CONCERNS have been raised about the exploitation of Irish bogs for the export of peat to Scotland, following the revelation last week that the Scottish have stopped cutting their own turf in favour of burning Irish briquettes.
Peat fires burning in cottages across the Highlands are more likely to have been fuelled by Irish peat briquettes than turf cut on the Scottish moors. The Irish Peatland Conservation Council has described as "hypocritical" Scotland's reluctance to cut its own turf in favour of importing it from Ireland.
"Ideally, we would love it if people would stop cutting turf in Ireland as it is not sustainable and it will have to stop at some stage, " said Caroline Hurley, the council's conservation officer.
"I was surprised to hear that they have stopped cutting turf in Scotland and I think that it is a little bit hypocritical if they are importing turf from us and are not cutting their own. However, I would be almost 100% sure that peat exported is cut on a commercial basis and is not used from areas of preservation."
Figures produced by the World Energy Council and the Finlandbased International Peat Society in 1999 . . . the latest year for which statistics are available . . . showed that only 20,000 tonnes of peat were cut for home burning in Scotland.

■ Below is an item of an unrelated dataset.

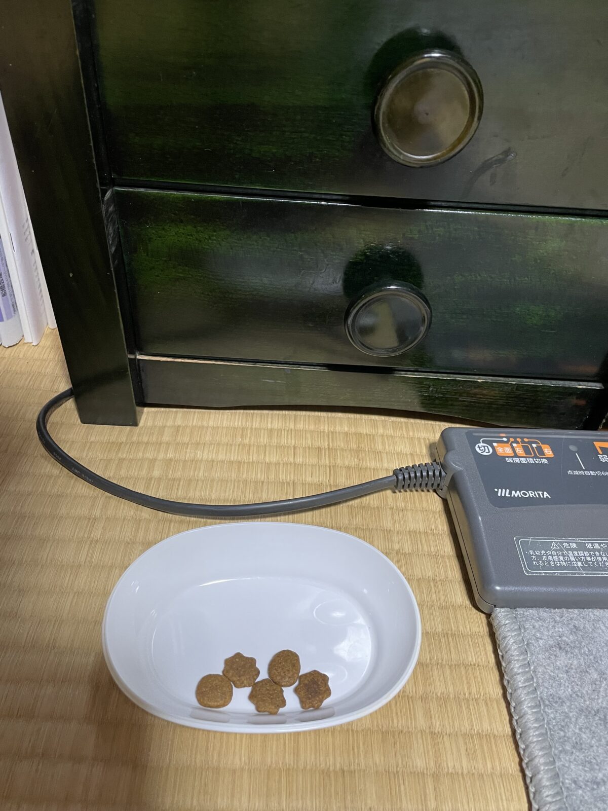 ご飯とお水と、トイレを綺麗にしたら帰るよ。

However, it has been reported that the Scottish have stopped cutting their own turf. Shops and filling stations across the Highlands are now selling Bord na Mona peat briquettes.

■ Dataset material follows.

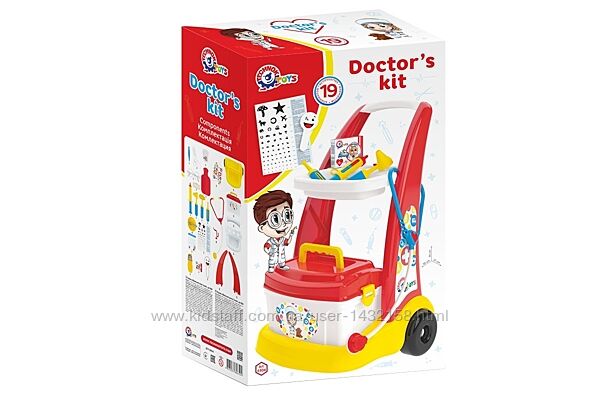 В комплекте: набор медицинских инструментов и приспособлений, чемоданчик на колесах. Крышка чемодана украшена дизайнерским рисунком, который не теряет яркости и является долговечным. - 435

Jerry Mulgrew from Glasgow, who runs the biggest Scottish distributor of Irish peat briquettes, said: "I started selling peat from Ireland about 10 years ago and I would have been selling about 30 tonnes a year.
"Now I'm up to 80 tonnes a year, and that has been edging up while fuels like coal have been going down.
The compressed peat is cleaner to use than coal, but I think it's a real shame that no one in Scotland is marketing it to sell like the Irish do."
Concerns have been raised in Ireland over the popularity of Irish briquettes in Scotland and the effect that popularity may have on Irish peatlands.
"If the demand for our peat products from places like Scotland continues to grow, there is a risk that people might exploit preserved bogs, " Caroline Hurley said.
"At the moment, there are people cutting turf in raised bogs in the midlands, even though they are areas of preservation. It has occurred on a site in Kildare where peat has been cut on a commercial scale from an area of preservation."
Meanwhile, over half of the peat sold in British garden centres, including chains such as B&Q and Homebase, comes from Ireland.
It is predicted that an area the size of an Irish county will have been stripped bare by commercial peat extraction within the next decade, creating an environmental crisis in boglands that have taken more than 10,000 years to form.